● **Problem description**: Down to the last line, set down the material below exactly; skip the pictures.

● **Input data**:
[Start of Attachment]
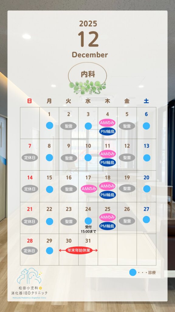 内科12月の診療スケジュールをお知らせいたします。
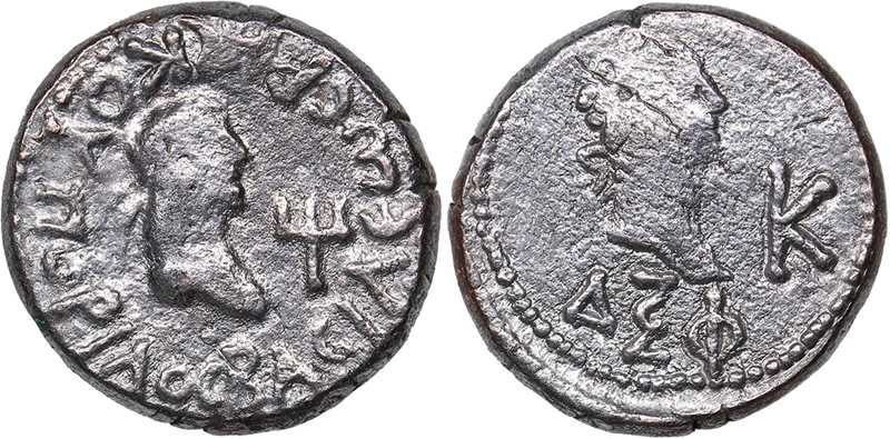- ΒΑCΙΛΕωC ΡΗCΚΟΥΠΟΡΙΔΟC. Бюст царя вправо, справа «трезубец»
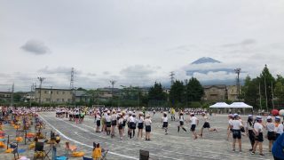 1・2年生、3・4年生、5・6年生と3つに分け、順番に校庭で開催し、密を避ける工夫。
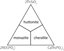Pentru conținut superior a 50% LREE, mineralere respective sunt clasificate drept „monazit”. Substituția huttonitică induce deviații pozitive de la raportul molar Th:Ca și conduce la prezența ionului silicat în compoziția chimică.
[End of Attachment]
● **Answer to this exercise**:
 内科12月の診療スケジュールをお知らせいたします。
- ΒΑCΙΛΕωC ΡΗCΚΟΥΠΟΡΙΔΟC. Бюст царя вправо, справа «трезубец»
 1・2年生、3・4年生、5・6年生と3つに分け、順番に校庭で開催し、密を避ける工夫。
Pentru conținut superior a 50% LREE, mineralere respective sunt clasificate drept „monazit”. Substituția huttonitică induce deviații pozitive de la raportul molar Th:Ca și conduce la prezența ionului silicat în compoziția chimică.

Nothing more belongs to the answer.